|
|
|
|
|
by nealbozeman
1265 days ago
|
|
A tax is needed to raise the money for the UBI, and to keep the value and money supply stable. Income tax is unnecessary if you say money that's sitting doing nothing will be taxed out of the system (basically a waste tax). The whole system is being taxed away at 1% per month to pay for the UBI. If you spend, lend, or invest your money as soon as you get it, you never pay taxes. There's a neat equilibrium here. UBI is put in, but slowly being taxed away while it sits. If your account is zero, you're not paying any tax, and the account grows quicker. The more your account grows, the slower your account grows, and your account growth keeps slowing until it stops at equilibrium. The amount of UBI being put in matches the amount of tax being pulled out. It's an advantage to use the money rather than save it, because you're being taxed on less money. |
|
If you have a lot of property, it costs you more to pay the tax on it than it would cost if the ownership of those properties was split between many smaller owners.

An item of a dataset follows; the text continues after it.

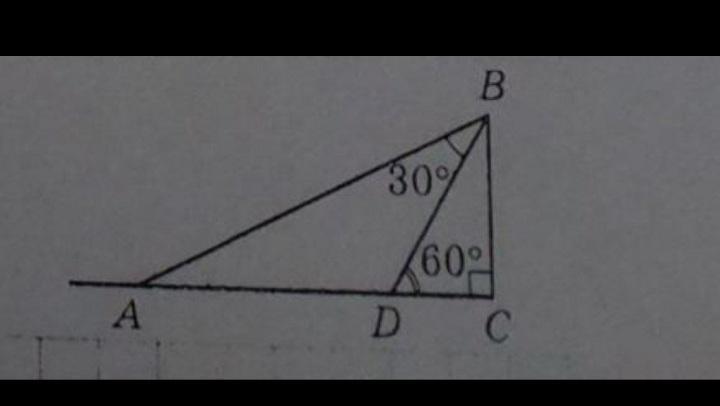 В треугольнике BAD, <АDB=180°-ВDC=180°-60°= 120°(смеж.), <A=180°-120°-30°=30°
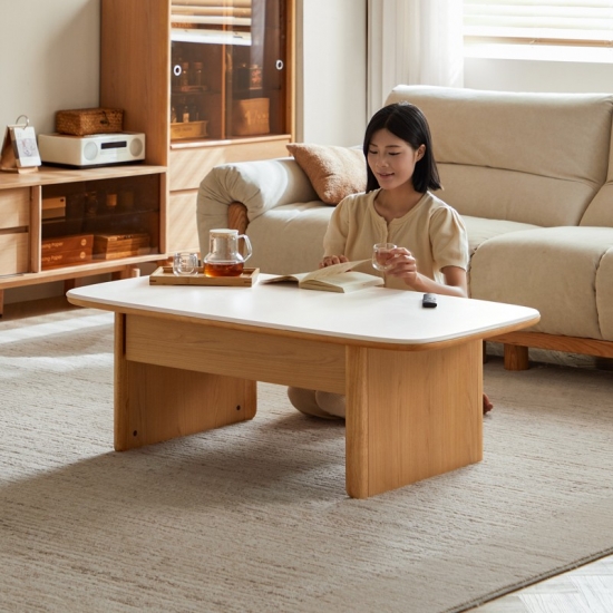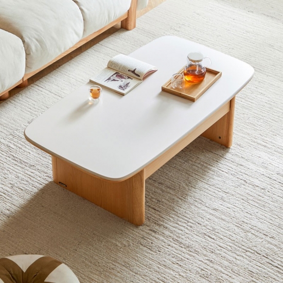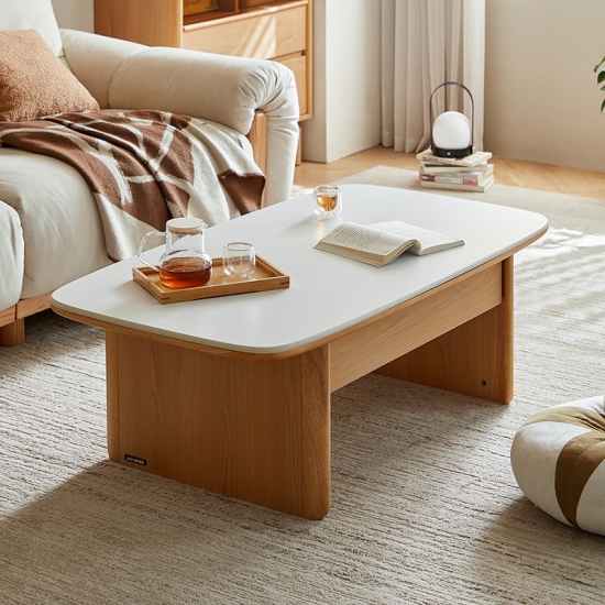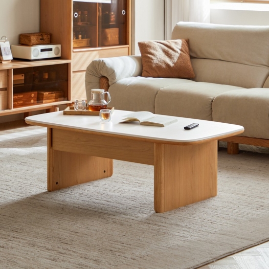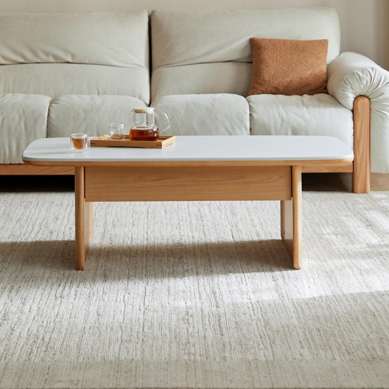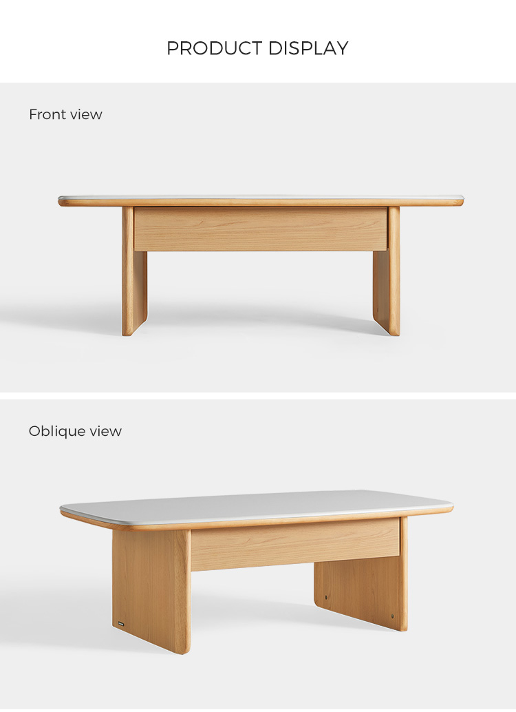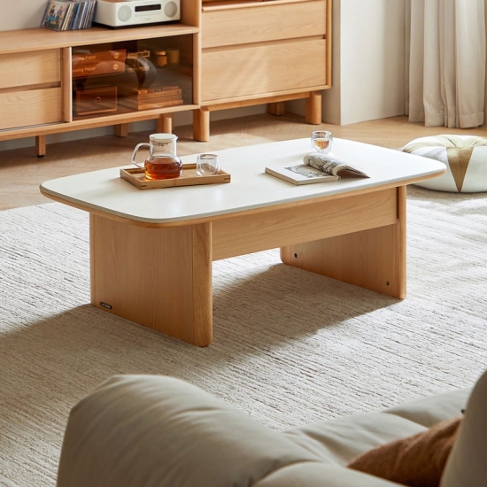 Современный прямоугольный журнальный столик из массива дерева и мраморной столешницы UB1L-A |

Obviously property owned by you includes properties owned by your subsiduaries so you can't fake-split ownership.
This tax apart from financing UBI will encourage small real estate ownership and will curb the effect where UBI is sucked away by landlords just raising the rent.
Calculation could be fairly easy. To get progressive tax you just take currently tax paid by you and your subsidiaries on the property you own, raise it to some power, like 1.2 (should be fine-tuned), and deduct progressive tax that your subsidiaries pay on that property. I think that should work. Maybe there are better methods?
You could gradually raise the factor over months and years so that large property owners have time to unload and you can control drop in real estate prices due to that.